Sorry, it is in a book of dishcloth patterns so copyrighted.
I will find the book and let you know the name though. Bought it from Herrschners or Mary Maxim a long time ago.

It is from Leisure Arts and I know they have a few more books. I have never seen this at Walmart or Michaels though.

I gave all my frogs away so now I will make another that I will keep!!! It is National Frog Week after all.


----------



## hennalady (Nov 12, 2011)

More delightful little froggies 
http://crochetroo.blogspot.com/2008/02/frog-beanie-for-dorky-kid-free-crochet.html
I dont know if this has already been posted...
http://www.ravelry.com/patterns/library/frog
Frog Graph
http://www.ravelry.com/patterns/library/frog-graph
http://www.ravelry.com/patterns/library/frog-prince-3 :mrgreen: :mrgreen: :mrgreen:


----------



## hennalady (Nov 12, 2011)

ladysjk said:


> Yikes!!!! I'M gonna make that one, and that one, and .....are all the ones above on the same site...oh by the way, did ya miss me. Think I wasn't coming out to play today??


How cute is this???
http://www.ravelry.com/patterns/library/frog-pond-bag


----------



## hennalady (Nov 12, 2011)

Oh, it looks like the one I just posted!! You should show yours off when you get it done. I would love to see it 


SylviaC said:


> Sorry, it is in a book of dishcloth patterns so copyrighted.
> I will find the book and let you know the name though. Bought it from Herrschners or Mary Maxim a long time ago.
> 
> It is from Leisure Arts and I know they have a few more books. I have never seen this at Walmart or Michaels though.
> ...


----------



## SylviaC (Aug 14, 2011)

Will do. 
Just need to decide if I will do it in green again or not - probably will and maybe a white one too which can be bleached.


----------



## hennalady (Nov 12, 2011)

SylviaC said:


> Will do.
> Just need to decide if I will do it in green again or not - probably will and maybe a white one too which can be bleached.
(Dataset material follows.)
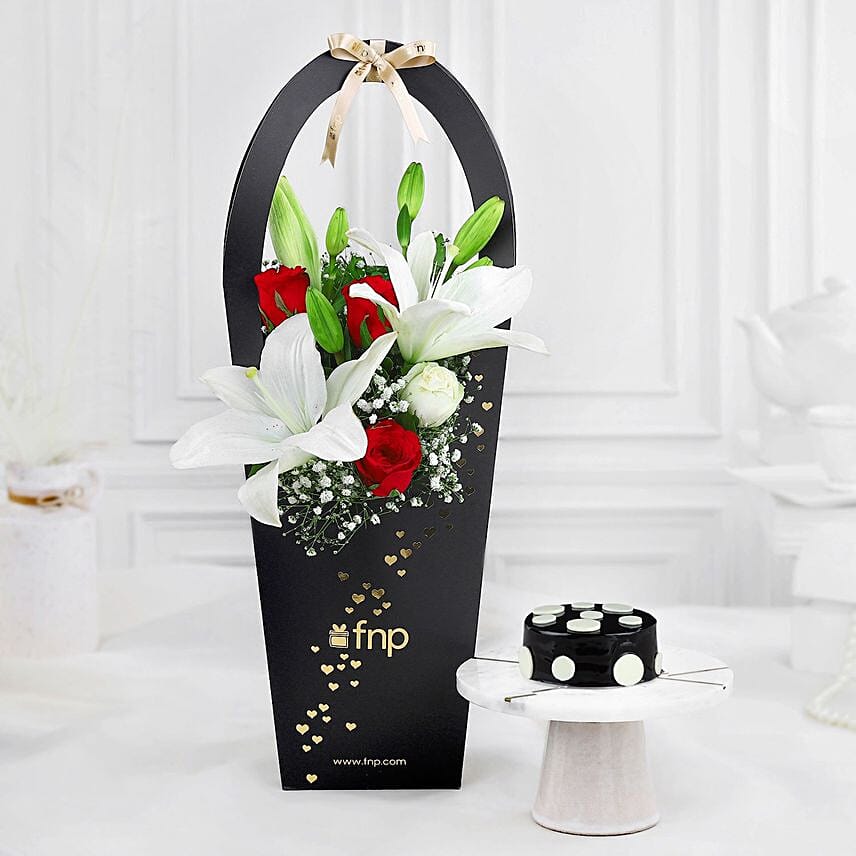 Embrace the essence of luxury with our Opulent Elegance Celebration Set. This lavish combo features a decadent Truffle cake, complemented by a bouquet of premium red and white roses, Asiatic white lilies, and delicate white gypsophila fillers, elegantly wrapped in black paper and adorned with a golden satin ribbon. Perfect for grand celebrations, this set suits individuals who appreciate refined taste and sophistication. The red roses symbolise love and passion, while the white roses represent purity and elegance, harmonising beautifully with the innocence of the Asiatic white lilies. The rich flavours of the truffle cake add a touch of indulgence to the occasion, creating a truly unforgettable experience. Ideal for commemorating milestones, birthdays, or any special moment deserving of opulence and elegance.

Could just save it for the shower in green.... I love my shower ones. I made 2. One a bit smaller for my face so I dont mix em up


----------



## SylviaC (Aug 14, 2011)

So how do you like my shower curtain? 
Think I have some cotton similar shade of green....


----------



## SylviaC (Aug 14, 2011)

So here is my green frog dishcloth. Took just over an hour to knit.
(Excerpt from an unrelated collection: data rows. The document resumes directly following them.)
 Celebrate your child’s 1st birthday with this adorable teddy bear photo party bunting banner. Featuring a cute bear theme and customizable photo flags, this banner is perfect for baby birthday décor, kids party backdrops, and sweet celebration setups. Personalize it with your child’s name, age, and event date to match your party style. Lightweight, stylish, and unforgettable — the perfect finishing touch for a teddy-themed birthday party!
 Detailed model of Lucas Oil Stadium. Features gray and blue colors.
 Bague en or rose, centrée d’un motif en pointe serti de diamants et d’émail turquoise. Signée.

I think it matches my shower curtain nicely. It is closer to the shower curtain frog colour in real life..


----------



## hennalady (Nov 12, 2011)

OK, I am officially Jealous! That is so cute I cant stand it  So I guess you now have a shower cloth to pamper yourself with???


----------



## SylviaC (Aug 14, 2011)

Yep!!
I got the shower curtain from Sears (I think) about 20 years ago and it is almost like new. Just needs a good wash to get the soap scum off again...that's the problem with plastic ones.
So next time I shower, I will spray it while it is still warm, wait a few minutes and rinse it with water and it will be like new again. 
I love it


----------



## ladysjk (Dec 16, 2011)

I don't wanna play no more, you have the cutest shower curtain, I just have a stupid beach one, dumb shower curtain anyway. Yes Kim, I deeply admire the frog bag with the frogs in it....nice for my great niece maybe, get her to collecting frogs too, got her sister onto turtles. Well not ON turtles, but collecting them.


----------